Figure 1--Bouguer gravity map showing Greenleaf anomaly, contour interval 10 mgal.

Gravity map from Oklahoma to Minnesota.

A truly great frontier of investigation lies in the study and solution of the cause of anomalies such as this; interpretation may have economic as well as academic value.

The anomaly map has been drawn from an assemblage of published data derived from both gravity meter and pendulum observations. Woollard (1958) has made accurate meter observations at airports (where position and elevation are known); these data have been very useful in areas where regional gravity meter or pendulum data are lacking. A density of 2.3 for topographic variation above sea level is assumed. The map is accurate to the contour interval in Oklahoma and Kansas. The profile by Woollard (1943) across the Salina Basin affords a quantitative approach to the extent and magnitude of the causative intrabasement mass in that part of Kansas. A further definition of the feature is afforded by additional geological and geophysical observations that may be brought to bear on its interpretation.

Characteristics of Greenleaf Anomaly

Regional Synclines

The gravity anomaly maximum coincides with prominent sedimentary basin areas. In Oklahoma it traverses the Anadarko Basin; it continues northward through a part of the Salina Basin, then in succession through parts of the Forest City Basin, the Minneapolis Basin, and the Lake Superior Syncline. In truth, the interpreter is inclined to speculate that isostatic load, represented by this ancient anomaly, has been a factor in the establishment of the sedimentary basins. By contrast, the anomaly at its inception must have marked a high ridge or island arc.

Magnetics

Examination of the magnetic declination map indicates that a pronounced magnetic maximum, large enough to alter locally the lines of equal declination, coincides approximately with the gravity anomaly. Where magnetic surveys are available, they show that the axis of the magnetic maximum coincides closely with the axis of the gravity maximum. In the Anadarko Basin, a magnetic closure of tremendous areal extent marks the broadening of the gravity anomaly (Lyons, in preparation).
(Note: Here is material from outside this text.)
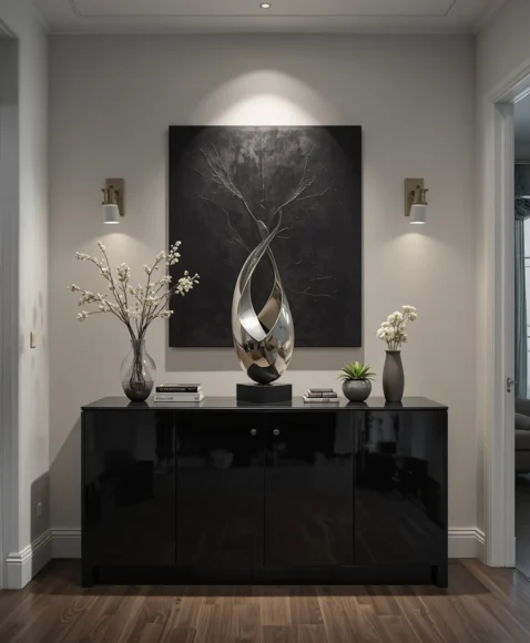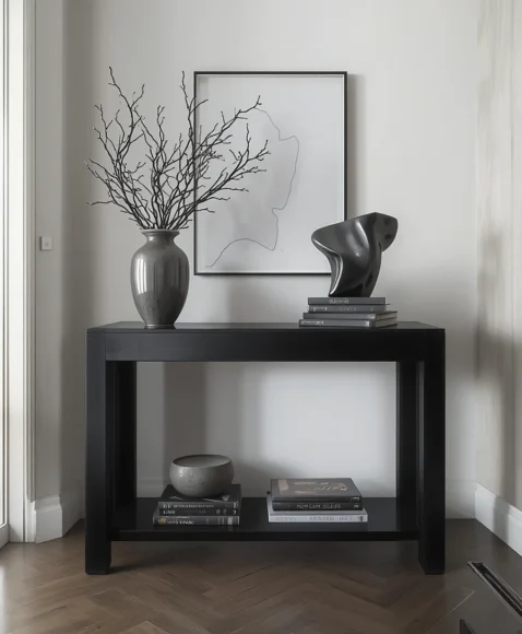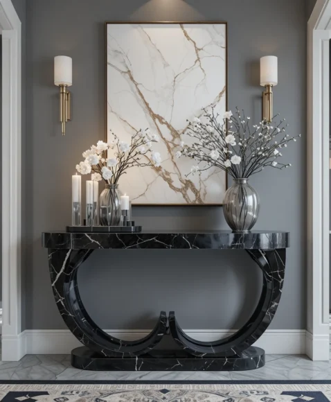 Combine the black table with marble trays, crystal vases, and elegant candles. This luxurious mix of materials creates a high-end entryway that feels sophisticated and welcoming.

We can infer that basement rock of greater than normal magnetite content is present, and that possibly the causative materials have some uniformity of geophysical properties along the entire extent of the anomaly, inasmuch as both magnetic susceptibility and density contrasts with adjacent basement rocks seemingly are maintained.

Surface Igneous Rocks

Five igneous plugs reach the surface in Riley County, Kansas, in the vicinity of the town of Riley (Fig. 4). The plugs lie east of the crest of the gravity anomaly, but well on the anomaly; they also lie on the Abilene Arch, an anticlinal feature of low relief. These plugs are composed of basic igneous rock, which has intruded rocks of Permian age. Their presence in the Salina Basin is evidence that crustal forces, initiated in the remote geologic past, may persist through long periods of geologic time.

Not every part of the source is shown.